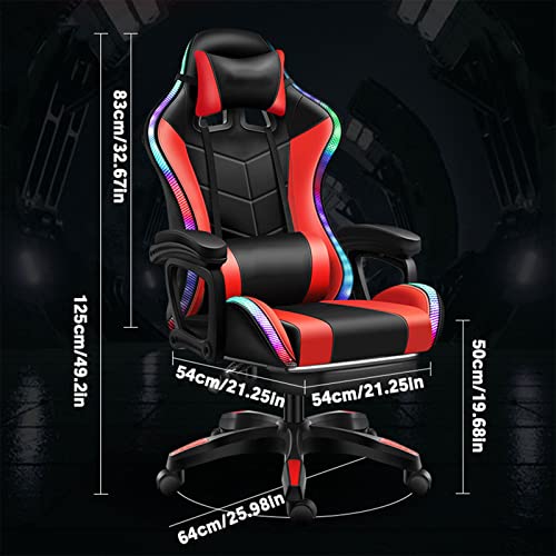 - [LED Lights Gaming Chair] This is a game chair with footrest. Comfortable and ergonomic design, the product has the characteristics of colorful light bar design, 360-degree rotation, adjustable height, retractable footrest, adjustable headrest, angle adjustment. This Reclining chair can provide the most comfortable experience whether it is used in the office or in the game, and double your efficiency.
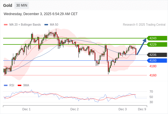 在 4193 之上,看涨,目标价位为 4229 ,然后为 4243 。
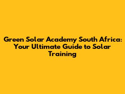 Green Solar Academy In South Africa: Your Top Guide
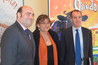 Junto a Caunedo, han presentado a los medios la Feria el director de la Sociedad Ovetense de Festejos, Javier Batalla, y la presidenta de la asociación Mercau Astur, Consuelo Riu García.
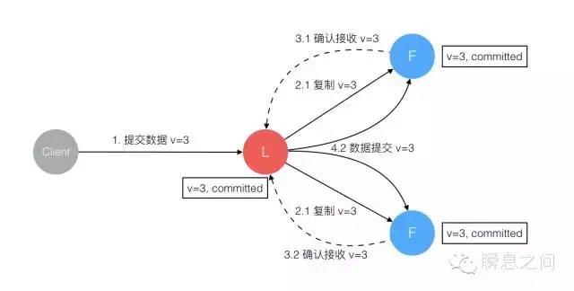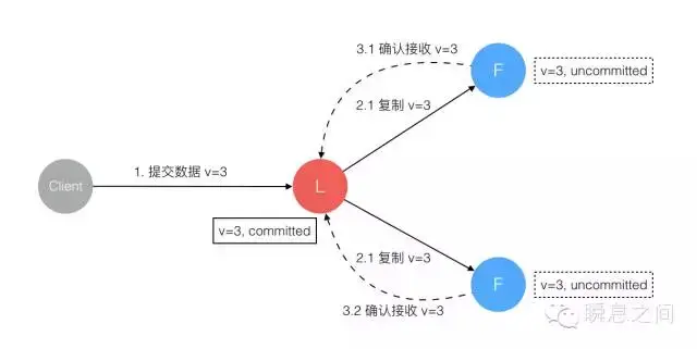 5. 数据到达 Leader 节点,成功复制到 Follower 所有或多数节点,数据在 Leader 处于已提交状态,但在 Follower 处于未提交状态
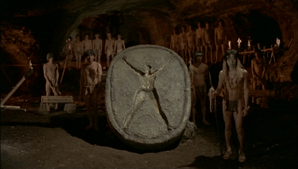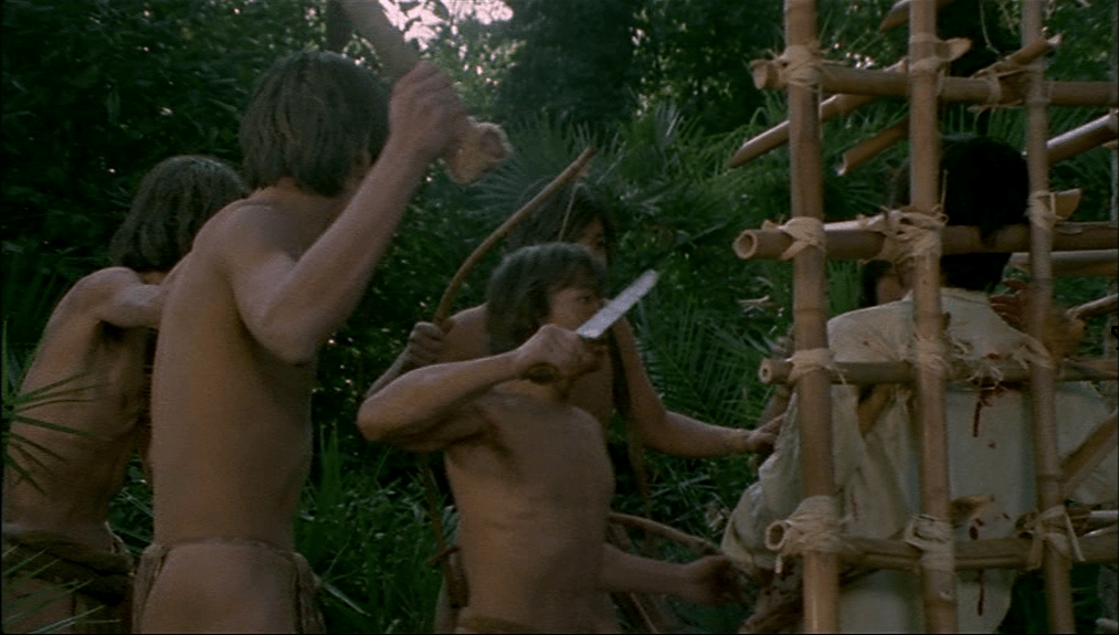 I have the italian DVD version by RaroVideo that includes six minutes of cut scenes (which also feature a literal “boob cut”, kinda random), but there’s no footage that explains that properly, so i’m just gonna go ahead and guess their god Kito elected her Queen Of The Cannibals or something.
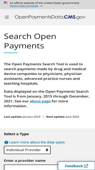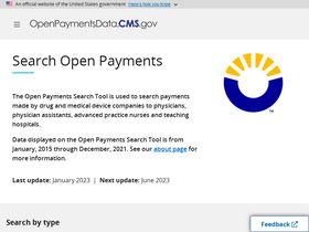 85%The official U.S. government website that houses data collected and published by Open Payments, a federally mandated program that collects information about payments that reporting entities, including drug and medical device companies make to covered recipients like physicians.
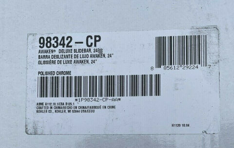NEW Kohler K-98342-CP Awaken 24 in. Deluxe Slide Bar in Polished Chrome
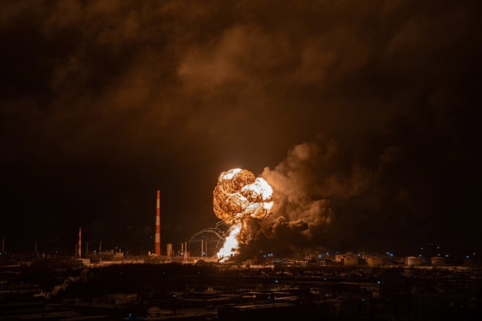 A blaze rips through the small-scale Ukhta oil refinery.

────────────────────────────────────────

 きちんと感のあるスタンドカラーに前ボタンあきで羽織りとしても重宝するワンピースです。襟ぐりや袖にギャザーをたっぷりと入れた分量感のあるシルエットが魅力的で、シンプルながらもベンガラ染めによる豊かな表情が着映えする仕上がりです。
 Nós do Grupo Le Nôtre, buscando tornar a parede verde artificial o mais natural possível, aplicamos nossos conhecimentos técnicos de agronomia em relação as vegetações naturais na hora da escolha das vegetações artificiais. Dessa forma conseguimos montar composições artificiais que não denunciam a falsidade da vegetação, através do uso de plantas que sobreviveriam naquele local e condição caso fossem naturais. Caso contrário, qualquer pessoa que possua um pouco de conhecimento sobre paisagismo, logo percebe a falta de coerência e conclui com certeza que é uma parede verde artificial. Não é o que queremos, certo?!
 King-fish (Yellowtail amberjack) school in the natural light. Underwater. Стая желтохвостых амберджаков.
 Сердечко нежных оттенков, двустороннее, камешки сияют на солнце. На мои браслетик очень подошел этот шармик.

────────────────────────────────────────

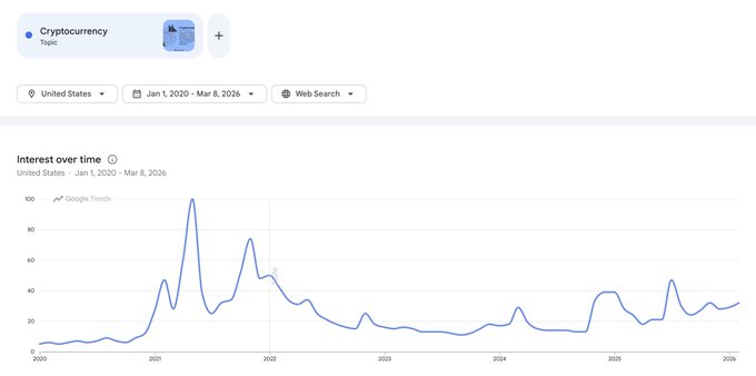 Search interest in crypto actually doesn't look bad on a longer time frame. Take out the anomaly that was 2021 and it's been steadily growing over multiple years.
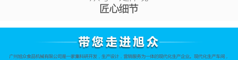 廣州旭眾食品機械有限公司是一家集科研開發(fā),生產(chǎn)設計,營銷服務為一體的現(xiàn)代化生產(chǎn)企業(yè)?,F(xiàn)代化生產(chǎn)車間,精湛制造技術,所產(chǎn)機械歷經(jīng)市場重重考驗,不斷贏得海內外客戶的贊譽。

────────────────────────────────────────

In the listing above, find the line with "- [LED Lights" and the line with "I have the italian". Set down both and every line between them, minus the pictures.

 - [LED Lights Gaming Chair] This is a game chair with footrest. Comfortable and ergonomic design, the product has the characteristics of colorful light bar design, 360-degree rotation, adjustable height, retractable footrest, adjustable headrest, angle adjustment. This Reclining chair can provide the most comfortable experience whether it is used in the office or in the game, and double your efficiency.
 在 4193 之上,看涨,目标价位为 4229 ,然后为 4243 。
 Green Solar Academy In South Africa: Your Top Guide
 Junto a Caunedo, han presentado a los medios la Feria el director de la Sociedad Ovetense de Festejos, Javier Batalla, y la presidenta de la asociación Mercau Astur, Consuelo Riu García.
 5. 数据到达 Leader 节点,成功复制到 Follower 所有或多数节点,数据在 Leader 处于已提交状态,但在 Follower 处于未提交状态
 I have the italian DVD version by RaroVideo that includes six minutes of cut scenes (which also feature a literal “boob cut”, kinda random), but there’s no footage that explains that properly, so i’m just gonna go ahead and guess their god Kito elected her Queen Of The Cannibals or something.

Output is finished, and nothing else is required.